Now, this decentralized consensus algorithm maintains a link between an address (like “skiff.eth”) and the wallet address associated with it, and a wallet address is deterministically created from a public key. In Ethereum's case, the secp256k1 algorithm is used to generate keys, signatures, and secure communications on the Ethereum network. Secp256k1 is used to generate a public/private key pair that can be used to sign transactions and contracts on the Ethereum blockchain. The secp256k1 algorithm is also used by other cryptocurrencies, such as Bitcoin and Litecoin. In contrast, Solana has chosen Curve25519 for its speed and simplicity - another popular elliptic curve choice for many cryptographic purposes also used by Stellar, Algorand, Monero, and others.
Collaborating on Skiff can be done using an email identity, a Skiff account, a crypto wallet, or a naming service, like the Ethereum Naming Service or Solana Naming Service. This is designed to clearly associate user identities and accounts with immutable crypto identities - where wallets and naming services can yield significant benefits.
The Ethereum Naming Service (ENS) is a decentralized service that allows users to register and resolve names using the Ethereum blockchain.
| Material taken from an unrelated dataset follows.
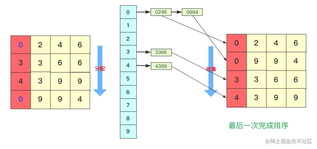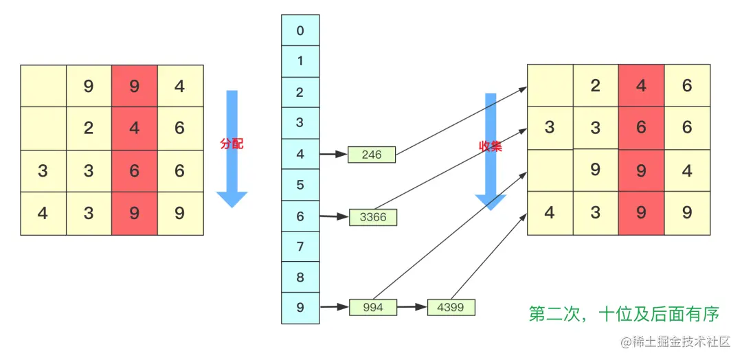 分配和收集都是有序的,第二次会根据十位进行分配、收集,此次是在第一次个位分配、收集基础上进行的,所以所有数字单看个位十位是有序的。

The service is similar to DNS, but instead of using domain names, ENS uses ETH addresses. ENS is designed to be censorship-resistant and to provide a more user-friendly experience than using raw, 42-character hexadecimal Ethereum addresses.
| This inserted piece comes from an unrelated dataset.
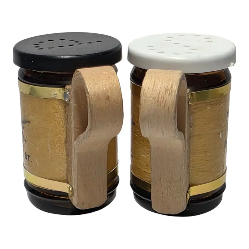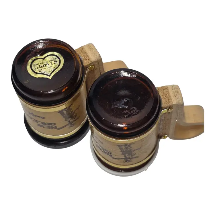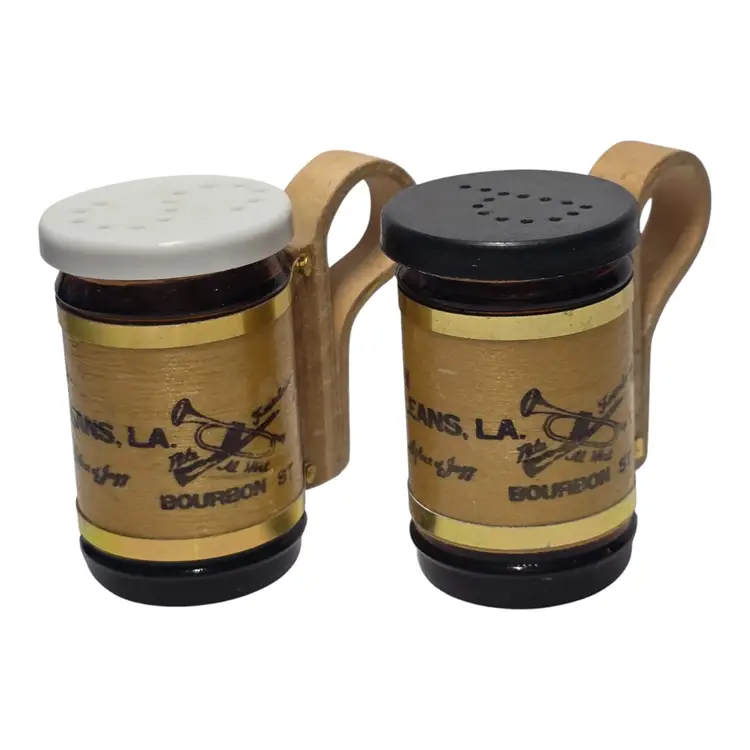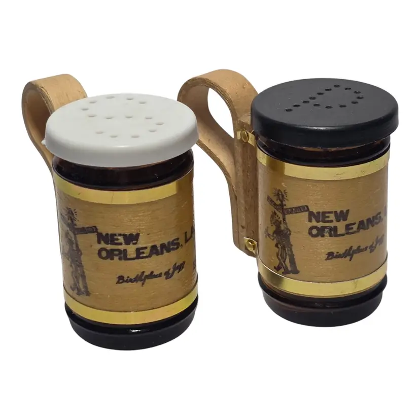 Add a touch of nostalgia to your dining table with these vintage New Orleans souvenir salt and pepper shakers, shaped like charming brown glass beer barrels. Perfect for collectors or as a unique gift.

The Solana Naming Service operates similarly, where users can purchase .SOL names that make it much simpler to collaborate, own digital assets, purchase NFTs, and use your wallet address without having to remember a long, random string of base58 characters.
This model for web3 communication is much simpler, more verifiable, and more transparent than tools used today (generally Telegram or Discord), as all communication is private and to or from an identity determined via private keys or distributed consensus (such as a naming service).
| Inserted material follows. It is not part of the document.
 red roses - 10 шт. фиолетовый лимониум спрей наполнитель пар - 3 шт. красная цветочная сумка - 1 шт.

Good design is straightforward. It doesn’t burden the user with complicated setup or didactic instruction. While the power of Skiff lies in our privacy, end-to-end encryption, and web3-integrations, the technical complexity underpinning our platform doesn’t get in the way of the experience. Instead, Skiff’s suite of products are simple-to-use, well-crafted, and intentional in their design. We make it easy to collaborate, communicate, and create across our Skiff Mail, Pages, and Drive.
Our approach is rooted in first-principles. Mail products, for example, have proliferated for years. But the UX has stagnated so much that “the future of email” now sounds like an oxymoron. Skiff Mail is different – we’ve designed it from the ground up to fit the needs of our digital and crypto-native user-base. From our command palette to one-click import features and ENS support, communicating across the blockchain has never been more delightful.
Today, the Skiff Pages product enables end-to-end encrypted realtime collaboration, writing notes, and sharing wikis. The Drive product enables file upload, storage, and sharing - and can also be integrated with IPFS. Finally, Skiff Mail supports private, E2EE communication, both among Skiff users and to external email addresses or email providers, such as Gmail and Outlook.
For the first time, users can contact other email addresses, send messages to wallet addresses, use naming services as their identity around the web, and more. Beyond simply using private products on the Skiff platform, this also enables every user to use a more private identity around the web - signing into other services, receiving newsletters with a wallet email, sending personal communications, and storing critical personal and professional attachments over years.
Taken together, these technologies represent a new stack for building user-facing applications on the internet. Identity is no longer controlled by a single entity and instead owned by users, naming services, and private keys. Storage is end-to-end encrypted, portable across devices, and censorship resistant from a single entity. Interfaces are simple, easy-to-use, and straightforward for users to understand. To experiment with this tech, we highly encourage reading developer docs, experimenting with new encryption libraries, and getting involved with new, privacy-respecting communities.